Disasters fuelling homelessness in Northern Rivers

The Housing, Homelessness and Disasters National Symposium Final Report said recovery efforts must do more to protect people who are renting, living in insecure housing or already without a home when disaster strikes. Photo: SUPPLIED
A NATIONAL report has warned that climate disasters are worsening Australia’s housing crisis, with the Northern Rivers identified as one of the most at-risk regions.
The Housing, Homelessness and Disasters National Symposium Final Report, released in June by the Australian Red Cross, Homelessness Australia and HowWeSurvive UNSW, said recovery efforts must do more to protect people who are renting, living in insecure housing or already without a home when disaster strikes.
The report uses the 2022 Northern Rivers floods as an example of how a single event can overwhelm housing supply, noting the disaster hit an already overheated rental market and left thousands unable to return home.
It draws on earlier figures showing thousands of homes were uninhabitable or damaged and that many people remained in temporary accommodation including pod villages and caravans more than a year later.
Australian National University lecturer in anthropology Timothy Heffernan, in an article published in The Conversation, said disasters are “worsening the housing shortage, rendering more people at risk of homelessness.”
Heffernan noted that homeowners were often able to access insurance or repair funds, while renters faced “increased competition in an already tight market.”
The symposium report calls for a national framework linking disaster response, housing and homelessness policy.
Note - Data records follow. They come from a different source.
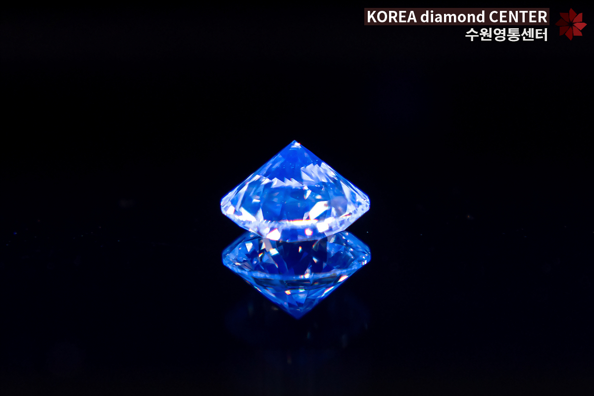 마지막 자외선 형광반응의 측정은 전용 장비를 사용하며, 자외선에 반응하는 정도와 컬러를 확인합니다. 반응의 정도는 none > faint > medium > strong > very strong 다섯 가지 등급으로 구분을 하는데요. 컷 등급과 마찬가지로 일반적인 GIA 다이아몬드는 None 등급인데 반해 고객님의 3부 다이아몬드는 Faint blue 등급으로 파란빛을 보이는 것을 확인할 수 있었습니다. GIA 감정서의 내용과 일치하지만 GIA다이아매입 가격 차이는 발생할 수 있는 부분입니다.
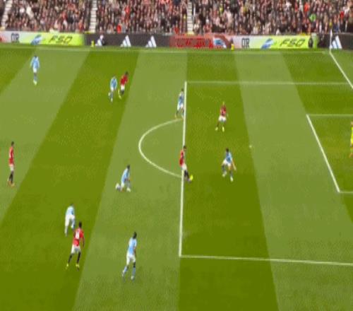 第10分钟,罗德里分球左路,多库变向突破,达洛特踹到对手的膝盖,但裁判手下留情,仅出示黄牌警告,曼联逃过红牌。
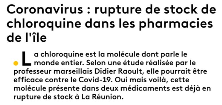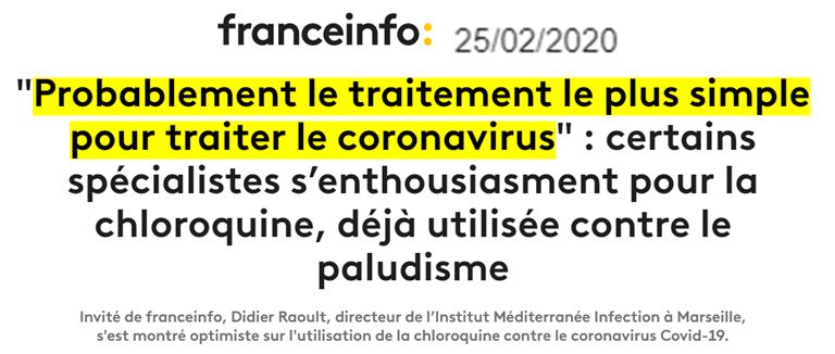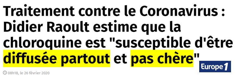 La seule chose que je vous dis : faites attention, il n'y aura bientôt plus de chloroquine dans les pharmacies. » [Didier Raoult, Youtube , 25 février 2020]
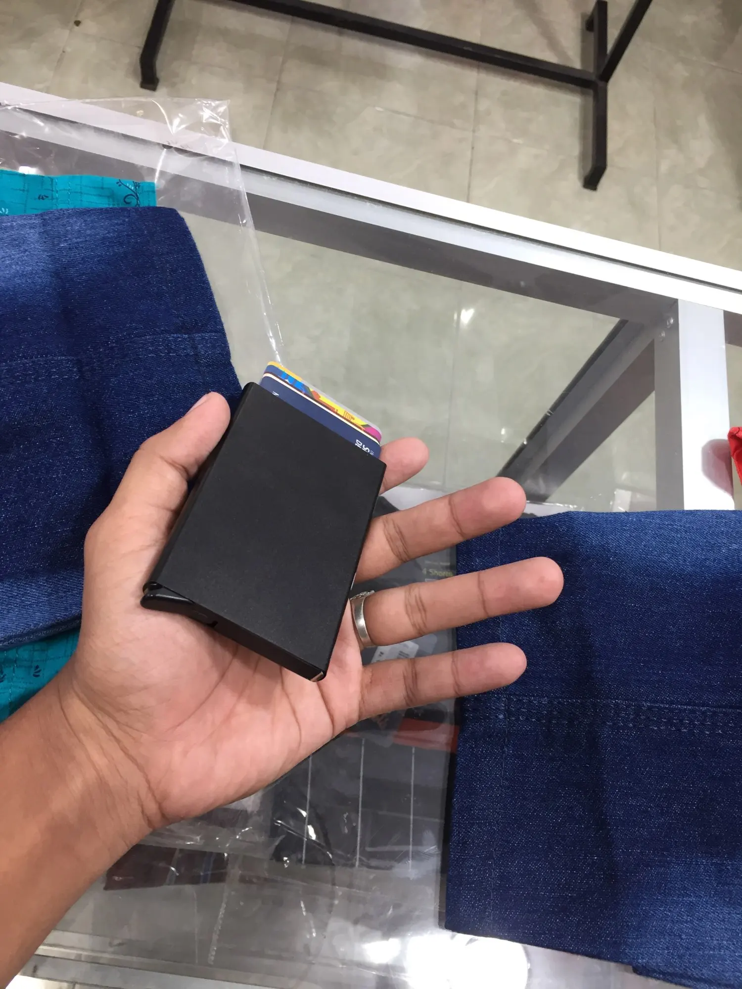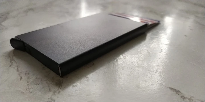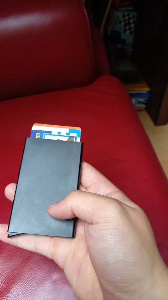 Идеальный размер, очень хорошее качество отделки, хорошее качество пластиковой подкладки. Доставка займет больше времени, чем ожидалось. Хорошо держит карты, если вы встряхните немного жесткие карты выпадут, но не должно быть проблемой для повседневного ношения.
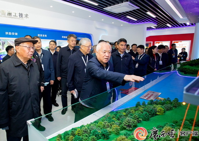 中国工程院院士郑皆连(中)向观摩团成员介绍特大桥复杂地理环境。广西交通投资集团 供图
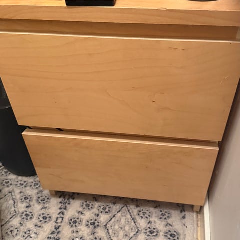 Hurts / sängbord i ekfaner från IKEA HEMNES. Har borrat ett hål till eluttag och kontakt.

It recommends stronger protections for renters, pre-disaster planning to secure temporary and long-term housing, and more climate-resilient social and affordable housing.
It also urges governments to improve coordination between housing, health and social services, adopt “no wrong door” service access policies, and identify land that could be used for emergency housing before disaster occurs.
In the Northern Rivers, the symposium identified the strain on local services when thousands were displaced at once, along with gaps in data sharing and governance. It also recorded examples of effective responses, including trauma-informed, community-focused support in temporary housing villages.
Heffernan argued that homelessness planning “should be part of disaster planning, and vice versa” so that housing type and tenure do not put people at risk when future disasters occur.